Homograph Attacks: Invisible Characters Fooling Your Customers

What are Homograph Attacks?

Homograph attacks exploit characters from different alphabets that look identical to standard letters. The Cyrillic “а” looks exactly like the Latin “a” but is a completely different character. An attacker can register аpple.com (with Cyrillic а) instead of apple.com (with Latin a)—and most people can’t tell the difference.

How Lookalike Characters Work

Cyrillic Confusion

Many Cyrillic letters are visually identical to Latin letters:

• а (Cyrillic) vs a (Latin)
• е (Cyrillic) vs e (Latin)
• о (Cyrillic) vs o (Latin)
• р (Cyrillic) vs p (Latin)
• с (Cyrillic) vs c (Latin)

Unicode Variations

Unicode includes multiple versions of similar characters:

• Different letter widths
• Characters with invisible modifiers
• Greek letters that match Latin ones

Punycode Translation

Internationalized Domain Names (IDNs) use Punycode to convert non-ASCII characters. аpple.com (Cyrillic а) becomes xn--pple-43d.com in Punycode. The display shows the readable version, hiding the deception.

Why These Are Especially Dangerous for E-commerce

Homograph attacks are particularly effective against Shopify merchants because:

• Visual trust: Customers check the URL bar for security. A perfect-looking URL passes inspection.
• Payment intent: E-commerce customers are ready to enter payment information.
• Email links: Homograph URLs in emails are virtually impossible to detect without inspection.
• Mobile difficulty: Smaller screens make character inspection even harder.

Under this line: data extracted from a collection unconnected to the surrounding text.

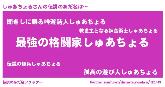| 意味不明あだ名 | 『しゅあちょるフォーエバー』 |
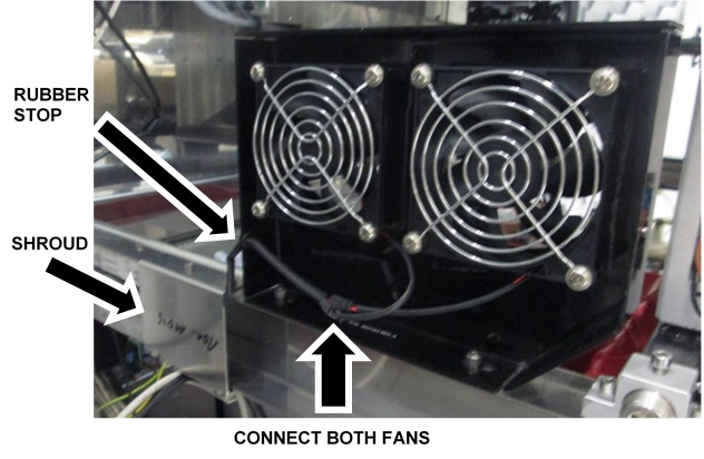 Ensure all the 24V power cables are routed through the angled cutout in the side of the fan duct.
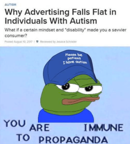 That means when autistic people consume media, they don’t really have an assumption of subtext, or at least not a neutral one. As they analyze the scenario to try to deduce it, the obvious motivations reveal themselves. Obviously this ad is trying to convince me to purchase this good or service, obviously this highly biased ”news" is trying to push a narrative unsupported by the raw facts.
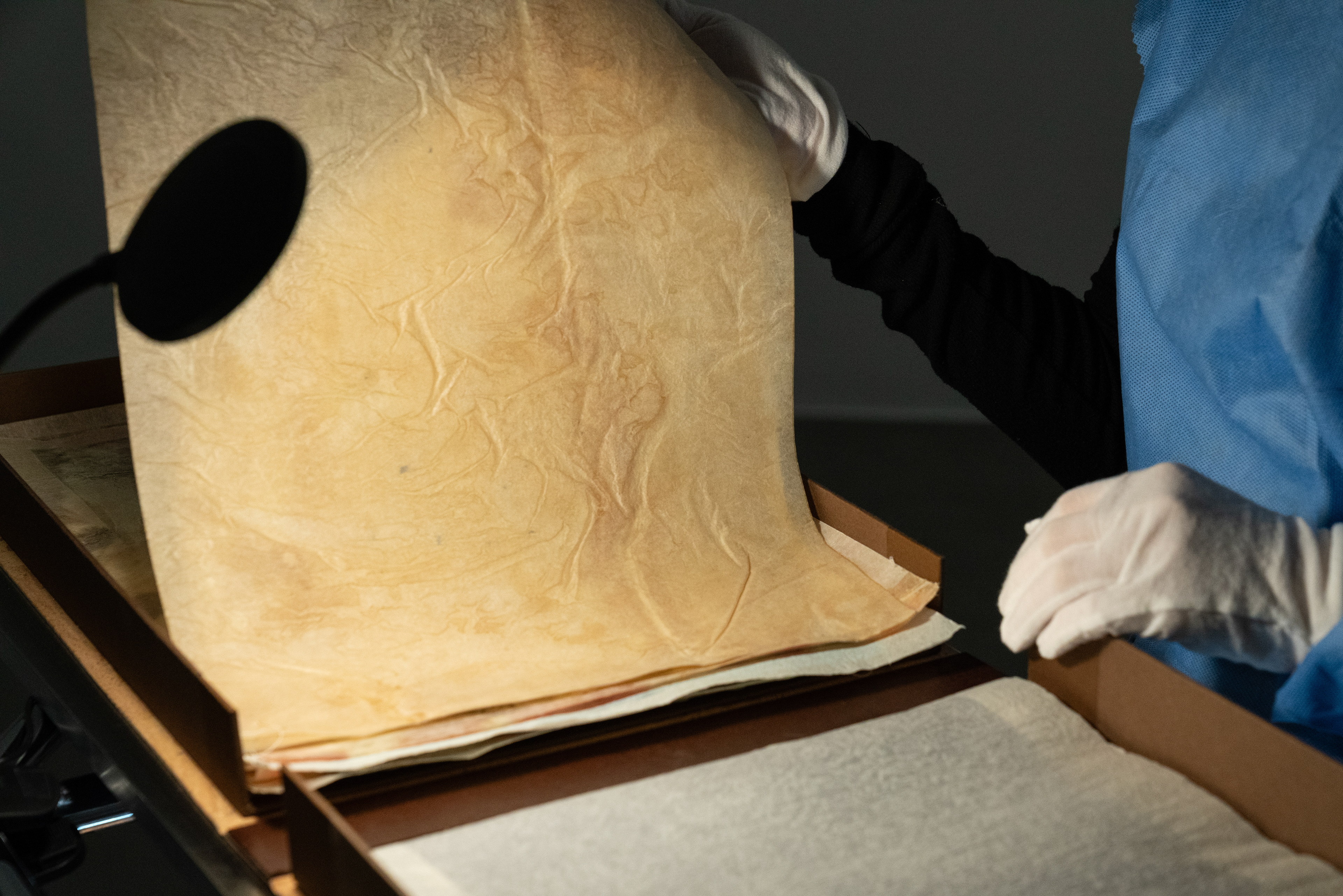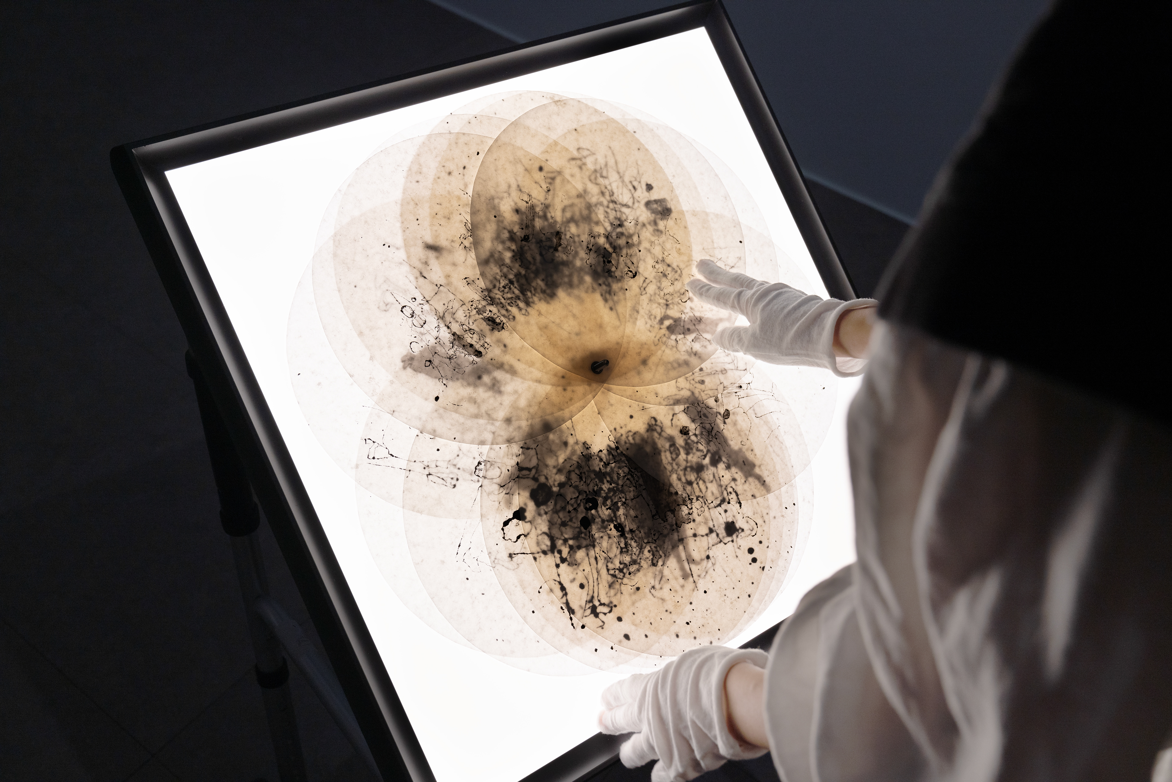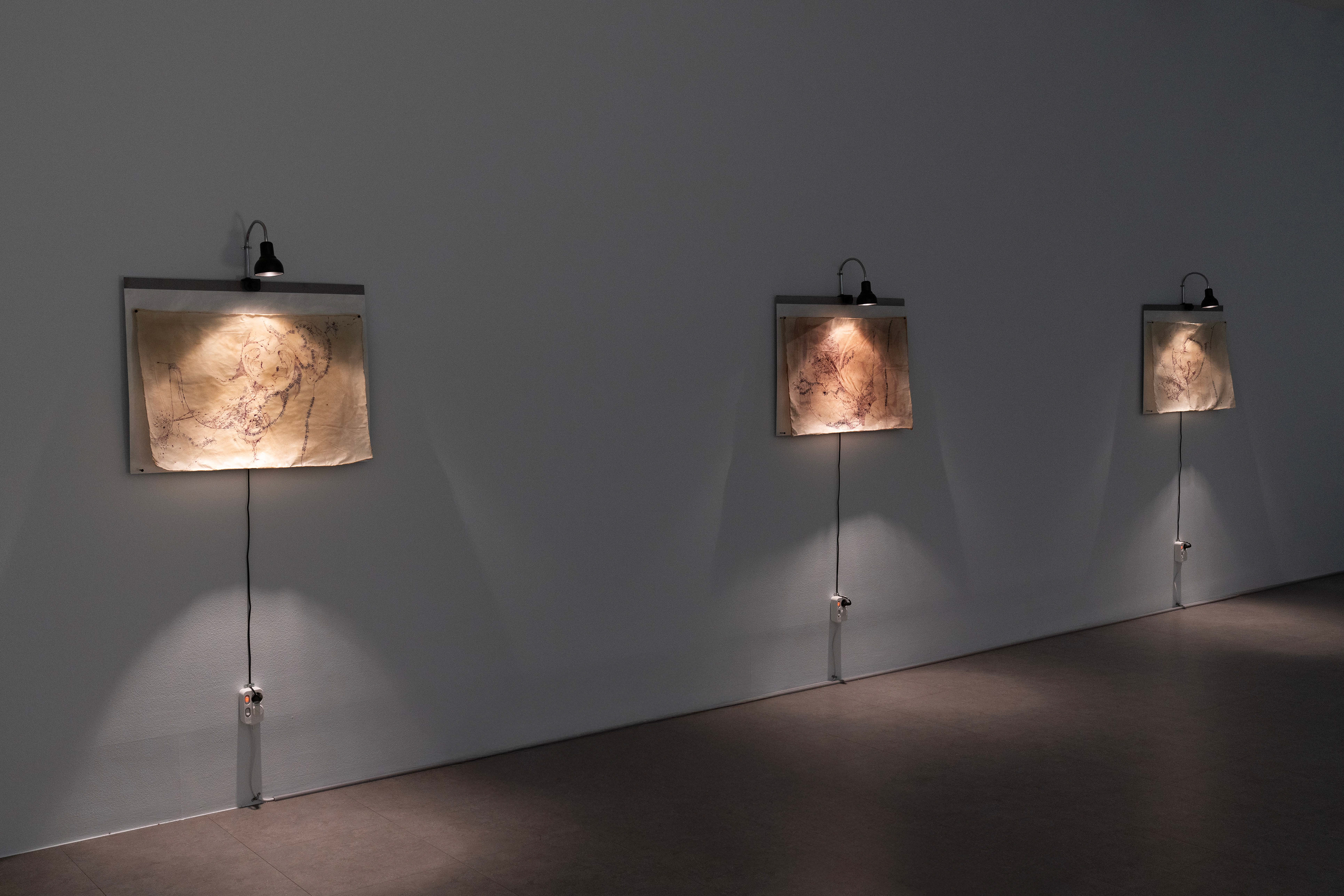 In Search of the Heart, 2024, ink on natural latex, drawn with a hypodermic needle, 17 sheets, variable dimensions
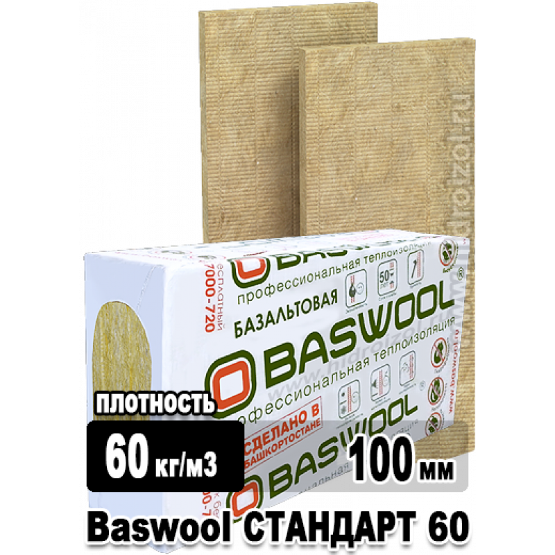 Утеплитель Baswool Стандарт 60 1200х600х100 мм 6 плит в упаковке
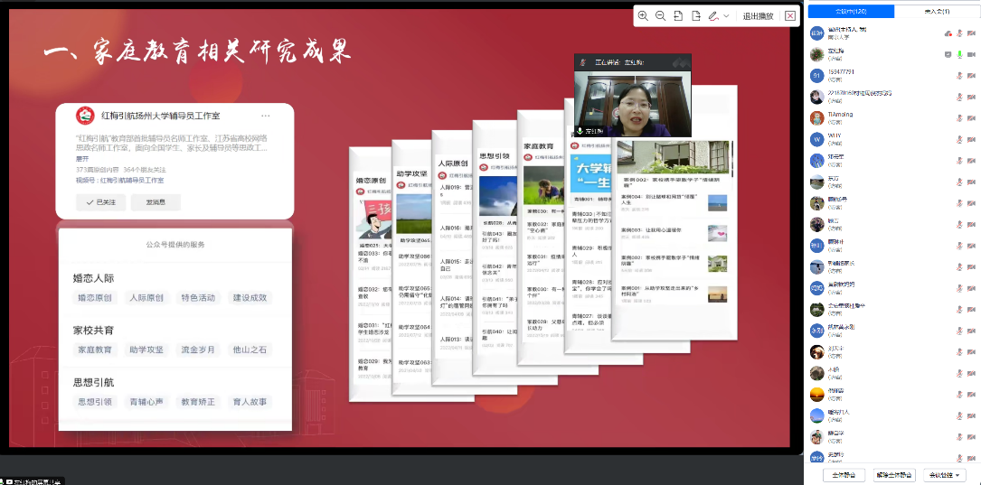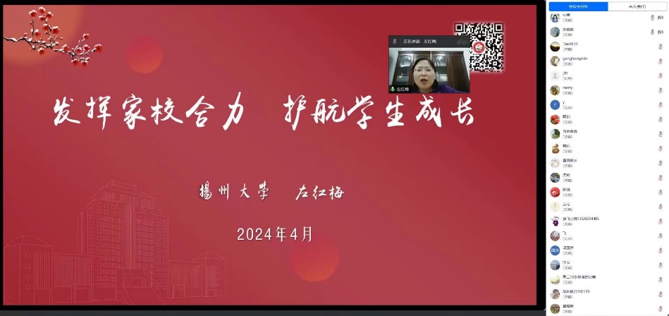 左红梅老师是一位资深的家庭教育专家,在老员工思想政治教育、员工成长内动力激发、家庭教育等领域颇有建树,曾荣获2023年“高校辅导员年度人物”提名奖等诸多荣誉奖项,主持的“红梅引航”工作室获评全国首批辅导员名师工作室。在家长课堂的分享会上,左老师首先分享了家庭教育相关研究成果。她指出放手与依赖是家庭力量融入高校思政的两个误区,过度的放手与过度的依赖都不便于家长去指导、陪伴孩子成长。在防止孩子患上“空心病”方面,她建议家庭教育要回归生活,家长应重视孩子的价值激发和生涯规划引导,遵循孩子成长规律,注重积极的情感培育。
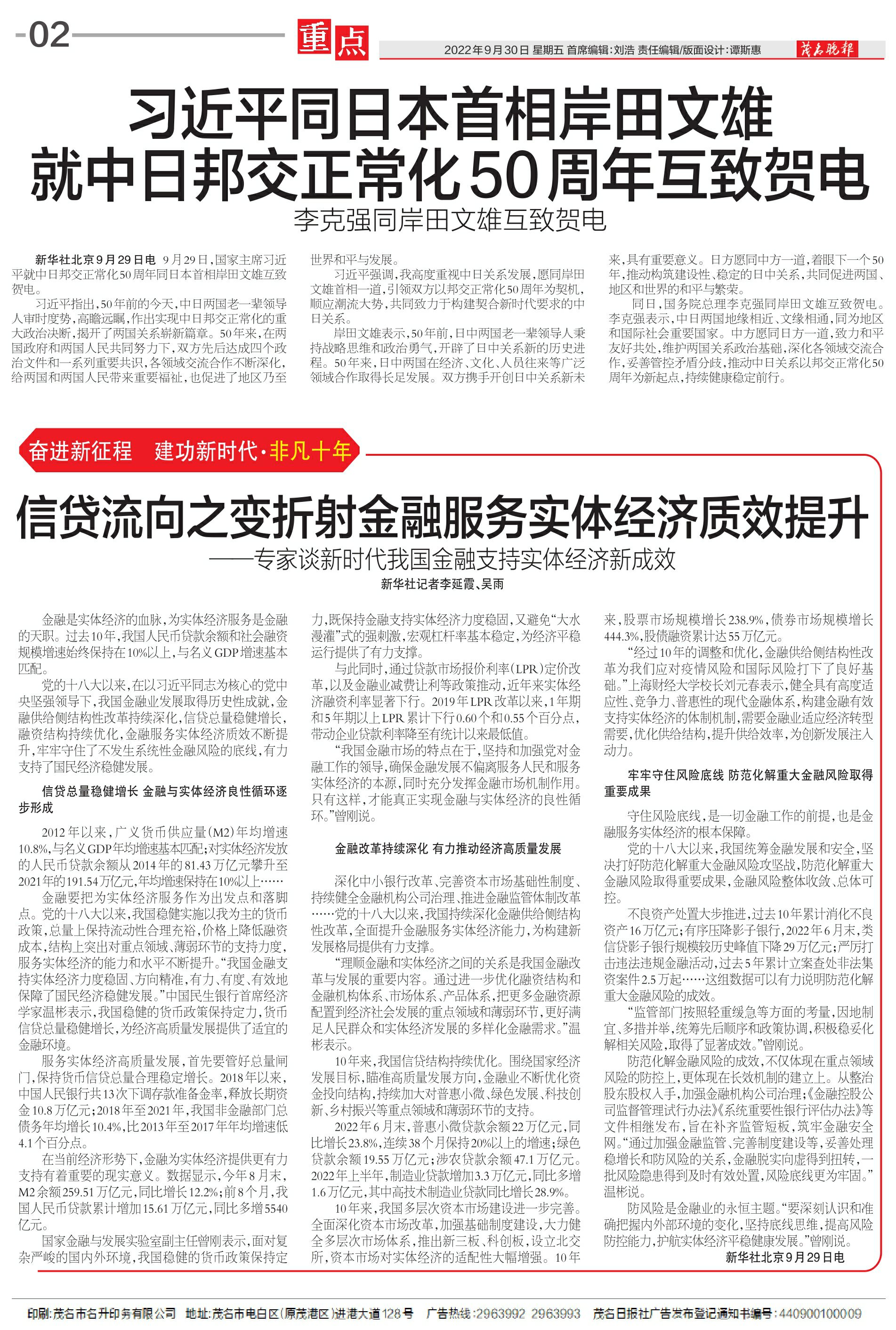 习近平同日本首相岸田文雄就中日邦交正常化50周年互致贺电
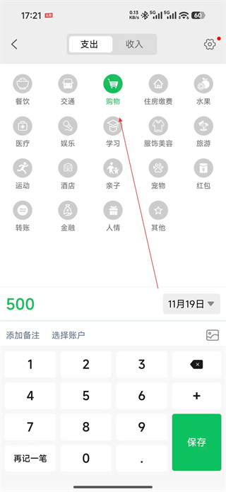 3、進入記賬頁面,選擇支出分類下的購物選項,輸入金額500,選擇日期為11月19日,可添加備注選擇賬戶,完善記賬信息。

A customer might receive a phishing email with a link to yоurstore.com (Cyrillic о) and have no way to tell it’s not your real domain.

Real-World Examples

• gооgle.com using Cyrillic о characters
• аmazon.com with a Cyrillic а
• applе.com with a Cyrillic е
• Bank and payment processor domains using mixed scripts

These domains load in browsers showing what looks like the legitimate URL.

Detection Methods

Manual Inspection

Copy the URL and paste it into a plain text editor. Homograph characters often display differently when the font changes.

Browser Protections

Modern browsers may:

• Show Punycode instead of the display character
• Display warnings for mixed-script domains
• Block known homograph domains

However, browser protections aren’t comprehensive—attackers continuously find new approaches.

Domain Monitoring

Automated scanning for domains that visually match your brand catches homograph registrations.

Browser Protections and Their Limits

Browsers have implemented various defenses:

• Chrome: Shows Punycode for suspicious mixed-script domains
• Firefox: Displays IDN as Punycode by default for some TLDs
• Safari: Uses various heuristics to detect spoofing

But limitations exist:

• Same-script homographs still display normally
• Protections vary by browser version
• New homograph techniques emerge regularly
• Many users ignore or don’t notice warnings

How Recon Helps

Recon protects your Shopify store from homograph attacks by:

• Scanning for domain registrations using lookalike characters
• Monitoring Cyrillic and Unicode variants of your brand
• Alerting you when potential homograph domains are registered
• Providing takedown guidance for infringing domains

FAQ

Q: Can I register homograph versions of my own domain defensively?

A: Some registries restrict mixed-script registrations, making defensive registration impossible. Where allowed, registering obvious variants adds protection, but the number of possible combinations is vast.

Q: How do I know if a customer was targeted by a homograph attack?

A: Customers may report receiving emails or seeing ads with “your” domain that led to a different site. Check the URL they visited—if it looks like yours but isn’t, it’s likely a homograph.

Q: Are homograph attacks common?

A: They’re less common than typosquatting because they require more sophistication, but they’re particularly dangerous because they’re nearly impossible for humans to detect visually.